Vladimir Guerrero Jr. is starting to live up to the hype. It needed Toronto baseball fans to be patient. For a struggling Toronto Blue Jays team that is below .500, patience seems like a daunting task.
But the most recent road trip for the Toronto Blue Jays showcased the hitting potential and natural talents of Vladimir Guerrero Jr. The last eight games have seen Guerrero Jr. hitting .350/.435/.950 with four home runs, five runs scored, and nine RBI, earning the young prospect American League Player of the Week honours. It was a slow start, but the constant improvement is giving young Vlad a ton of confidence.

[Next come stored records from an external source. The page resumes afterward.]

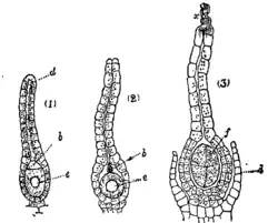 Il est résulté après une série de méioses d'une cellule mère existante dans l'ovule, cette cellule donne le gamétophyte [endosperme], deux gamétanges qui vont donner un archégone où on trouve à l'intérieur une oosphère.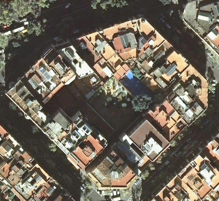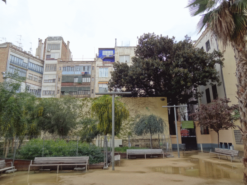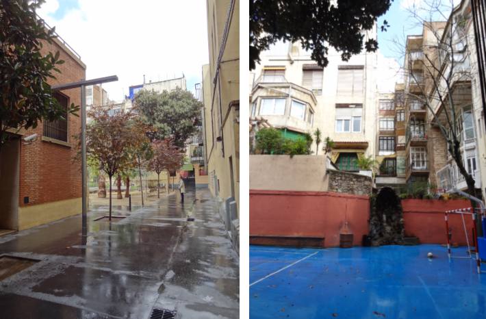Los patios de manzana previstos han sido a menudo ocupados por garajes u otros usos. El Ayuntamiento de Barcelona ha acometido un programa para recuperar estos espacios como pequeños parques abiertos al público. Estos son los jardines de Laura Albeniz (calle Pau Claris con Provença)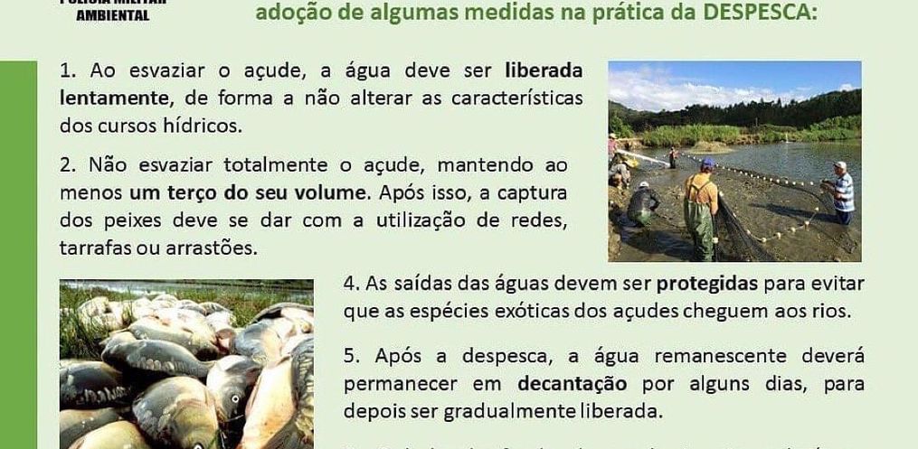 A prática correta de despesca, orientada pela Polícia Militar Ambiental, é que a água do reservatório seja liberada apenas até a metade, e depois fazer a despesca com redes e tarrafas ou outros métodos. Somente dias depois deve ser liberado o restante da água, exceto o lodo que permanece no fundo. Este lodo, se descartado no rio, se caracteriza como infração ambiental.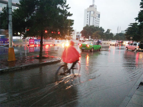 7月19日暴雨中的長征西街(許凈 攝)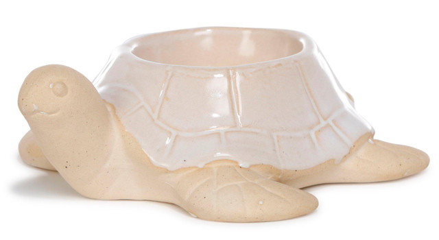 Bring ocean inspired warmth to any space with the Ceramic Sea Turtle Candle Holder featuring a coral pink finish and sculpted turtle shape. Designed to hold candles up to 2 inches in diameter or standard tea lights. Fabrication is ceramic. Measures approximately 4.5 in x 4 in x 1.5 in.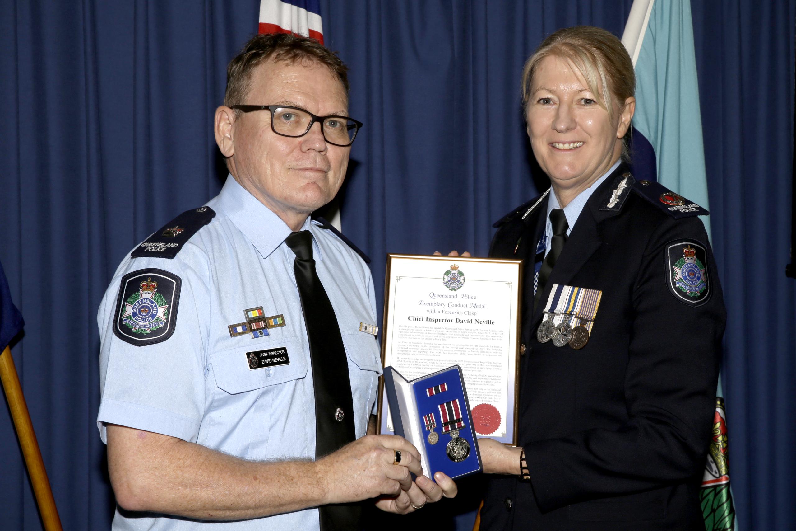 The Queensland Police Service’s (QPS) Forensic Services Group (FSG) proudly recognised the exceptional contributions and long-standing dedication of its members during the annual Honours and Awards Ceremony held in November at Roma St Police Headquarters.

“I feel very happy that I can keep improving and help the team win,” Guerrero said through team translator Hector Lebron. “I feel very good right now. I’ve been working very hard at the cage with hitting coach Guillermo Martinez.”
Vladimir Guerrero Jr. Experienced Slow Start in Major League Debut
The expectations surrounding Vladimir Guerrero Jr. were undeniable. He was labeled as the next big “five-tool player.” Vladimir was the son of former Hall of Famer Vladimir Guerrero, considered one of the greatest power hitters in all of baseball.
During his four years in the minors, Vladimir Guerrero Jr. did not disappoint. He completed his minor league career hitting .331/.413/.531 with 44 home runs and 209 RBI. When he got called up to the big leagues for the Blue Jays, Guerrero Jr.’s first big league hit came in his MLB debut. It set up the eventual Brandon Drury walk-off home run to defeat the Oakland Athletics.
But Vladdy Jr. experienced a decline in hitting production. Pitchers have put great time and energy in studying the young prospect, learning his swinging tendencies and least favorite pitches. Through 41 at-bats, Guerrero Jr. was only hitting .146, with zero home runs and one RBI during that stretch.
As the young third baseman was struggling at the plate, there was one silver lining in his at-bats. It was his ability to hit the ball with high exit velocity. Taking on the San Francisco Giants on the road, Guerrero Jr. hit a foul ball 120 mph. According to MLB.com, Vladimir Guerrero Jr. has the second-highest exit velocity for a ball in play (118.9 mph), behind none other than Giancarlo Stanton of the New York Yankees (120.6 mph). Currently, the young prospect’s average exit velocity is 91.0 mph, which is higher than the MLB average 87.4.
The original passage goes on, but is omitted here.